Transcribe each entry in full, and leave the images out.

▶ [Records from a data collection]:
>>
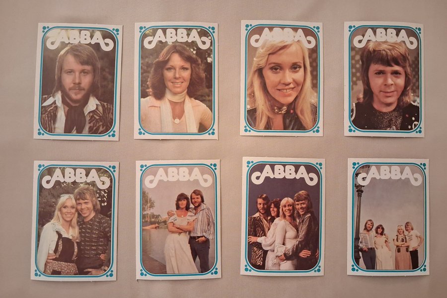8 st samlarkort med ABBA-medlemmarna. Korten föreställer Agnetha Fältskog, Anni-Frid Lyngstad, Björn Ulvaeus och Benny Andersson, både individuellt och som par samt hela gruppen. Tomma baksidor på korten.
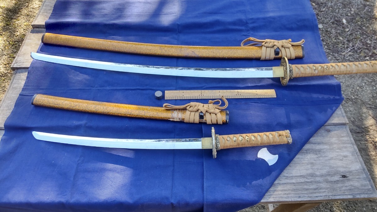 - 模造刀 大小2本 磁石反応無し 鞘にダメージ補修有り
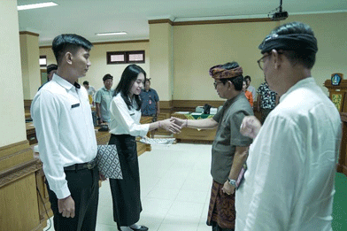 “Penyerahan SK Bupati Badung diserahkan kepada 25 Orang CPNS lulusan PKN STAN dengan rincian formasi Pengolah Data dan Informasi dengan unit Penempatan pada Badan Pengelola Keuangan dan Aset Daerah (BPKAD) sebanyak 4 orang, formasi pengolah data dan informasi dengan unit penempatan Kepala Badan Pendapatan Daerah (Bapenda) sebanyak 19 orang”
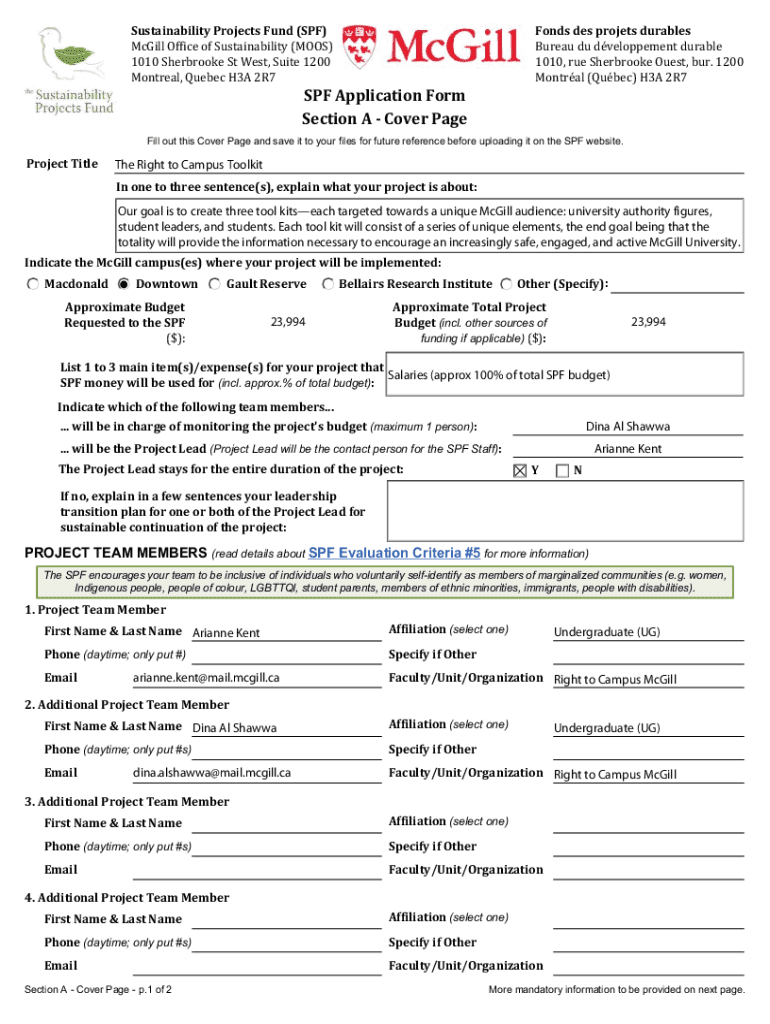 How to fill out pgssmcgillcaensustainability-projects-fund-spfsustainability projects fund spf
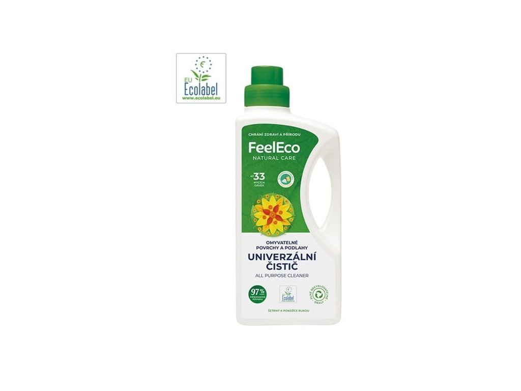 Ekologický a vysoce účinný univerzální čisticí prostředek Feel Eco s jemnou citronovou vůní vhodný pro čištění všech typů povrchůJe složen výhradně ze snadno biologicky odbouratelných a netoxických surovin, které jsou v maximální míře šetrné k životnímu prostředíDíky obsahu aktivních látek účinně odstraňuje špínu a mastnotu z podlah, obkladů, dlaždic, povrchů z umělých hmot apod.Vegan - produkt není testován na zvířatech a složení neobsahuje žádné látky živočišného původu 100% recyklovatelný obalObjem: 1,0 lMnožství v originálním balení 8 ksCertifikát EcolabelDoplňkové parametry
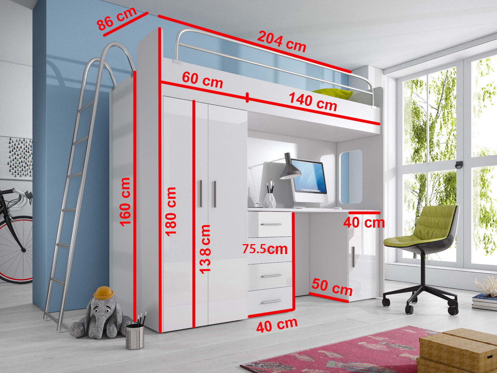 Inclusief een matrasoppervlak van ca. 80 x 200 cm, een breed bureau van ca. 140 x 75,5 x 50 cm en een kledingkast van ca. 60 x 138 x 50 cm, dit meubelstuk biedt alles wat je nodig hebt voor een compacte slaap- en werkruimte. De zwarte kleur zorgt voor een moderne uitstraling die bij verschillende interieurstijlen past. Ideaal voor studentenkamers, studio-appartementen of slaapkamers met beperkte ruimte, het STAPELBED TWIJFELBED HOOGSLAPER BUREAU+KLEDINGKAST-RAJ 4D ZWART is een slimme en praktische keuze voor wie op zoek is naar functionaliteit en stijl in één meubelstuk.
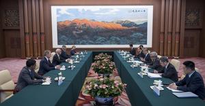 (250924) -- BEIJING, 24 septiembre, 2025 (Xinhua) -- El ministro de Relaciones Exteriores chino, Wang Yi, también miembro del Buró Político del Comité Central del Partido Comunista de China, se reúne con una delegación del Congreso de Estados Unidos encabezada por el representante Adam Smith, en Beijing, capital de China, el 23 de septiembre de 2025. (Xinhua/Cai Yang) (jg) (ra) (ce)
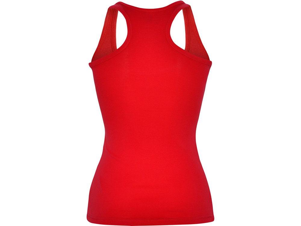 Майка приталенного силуэта с глубоким круглым вырезом горловины. Спортивная спинка, боковые швы.
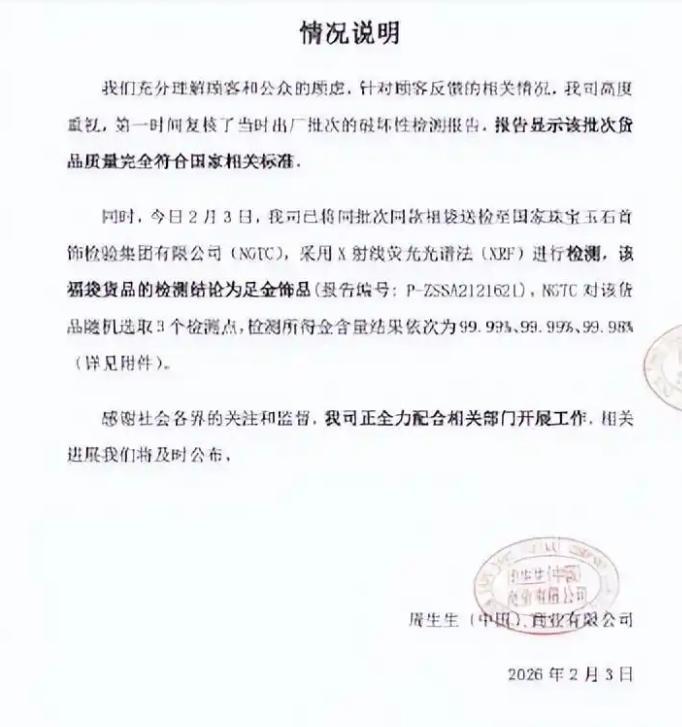 2月3日晚,周生生再次回應,稱涉事批次出廠檢測符合國標,同批次同款送檢國家珠寶玉石首飾檢驗集團,結論是足金,金含量達99.98%以上,正配合相關部門工作。這場檢測數據打架的爭議,迅速引發全網熱議。
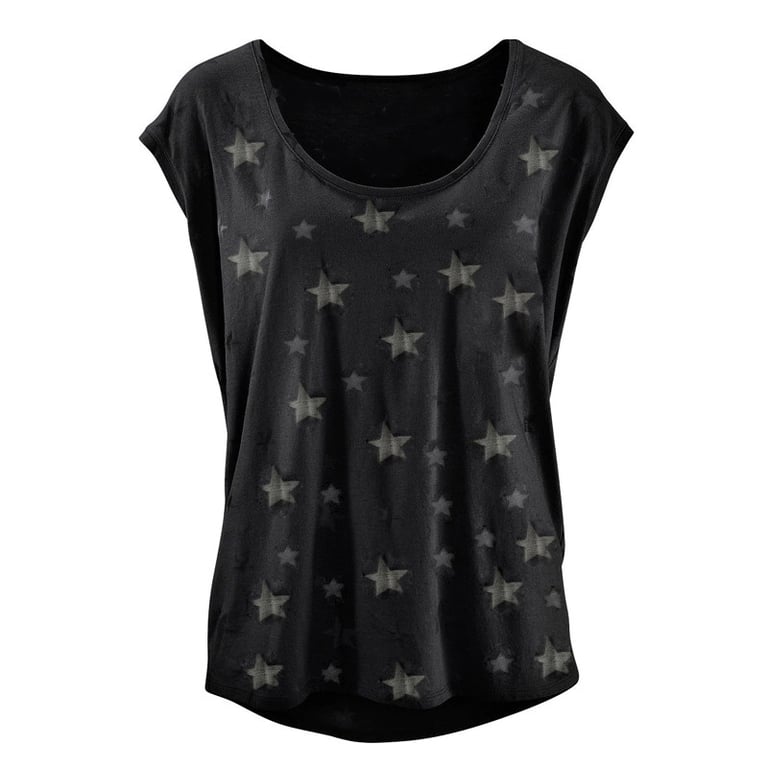 Una camiseta sencilla para un atuendo de verano con un suave estampado de estrellas. Su corte práctico será cómodo en cualquier ocasión.
<<
▶ [Solution]:
8 st samlarkort med ABBA-medlemmarna. Korten föreställer Agnetha Fältskog, Anni-Frid Lyngstad, Björn Ulvaeus och Benny Andersson, både individuellt och som par samt hela gruppen. Tomma baksidor på korten.
 - 模造刀 大小2本 磁石反応無し 鞘にダメージ補修有り
 “Penyerahan SK Bupati Badung diserahkan kepada 25 Orang CPNS lulusan PKN STAN dengan rincian formasi Pengolah Data dan Informasi dengan unit Penempatan pada Badan Pengelola Keuangan dan Aset Daerah (BPKAD) sebanyak 4 orang, formasi pengolah data dan informasi dengan unit penempatan Kepala Badan Pendapatan Daerah (Bapenda) sebanyak 19 orang”
 How to fill out pgssmcgillcaensustainability-projects-fund-spfsustainability projects fund spf
 Ekologický a vysoce účinný univerzální čisticí prostředek Feel Eco s jemnou citronovou vůní vhodný pro čištění všech typů povrchůJe složen výhradně ze snadno biologicky odbouratelných a netoxických surovin, které jsou v maximální míře šetrné k životnímu prostředíDíky obsahu aktivních látek účinně odstraňuje špínu a mastnotu z podlah, obkladů, dlaždic, povrchů z umělých hmot apod.Vegan - produkt není testován na zvířatech a složení neobsahuje žádné látky živočišného původu 100% recyklovatelný obalObjem: 1,0 lMnožství v originálním balení 8 ksCertifikát EcolabelDoplňkové parametry
 Inclusief een matrasoppervlak van ca. 80 x 200 cm, een breed bureau van ca. 140 x 75,5 x 50 cm en een kledingkast van ca. 60 x 138 x 50 cm, dit meubelstuk biedt alles wat je nodig hebt voor een compacte slaap- en werkruimte. De zwarte kleur zorgt voor een moderne uitstraling die bij verschillende interieurstijlen past. Ideaal voor studentenkamers, studio-appartementen of slaapkamers met beperkte ruimte, het STAPELBED TWIJFELBED HOOGSLAPER BUREAU+KLEDINGKAST-RAJ 4D ZWART is een slimme en praktische keuze voor wie op zoek is naar functionaliteit en stijl in één meubelstuk.
 (250924) -- BEIJING, 24 septiembre, 2025 (Xinhua) -- El ministro de Relaciones Exteriores chino, Wang Yi, también miembro del Buró Político del Comité Central del Partido Comunista de China, se reúne con una delegación del Congreso de Estados Unidos encabezada por el representante Adam Smith, en Beijing, capital de China, el 23 de septiembre de 2025. (Xinhua/Cai Yang) (jg) (ra) (ce)
 Майка приталенного силуэта с глубоким круглым вырезом горловины. Спортивная спинка, боковые швы.
 2月3日晚,周生生再次回應,稱涉事批次出廠檢測符合國標,同批次同款送檢國家珠寶玉石首飾檢驗集團,結論是足金,金含量達99.98%以上,正配合相關部門工作。這場檢測數據打架的爭議,迅速引發全網熱議。
 Una camiseta sencilla para un atuendo de verano con un suave estampado de estrellas. Su corte práctico será cómodo en cualquier ocasión.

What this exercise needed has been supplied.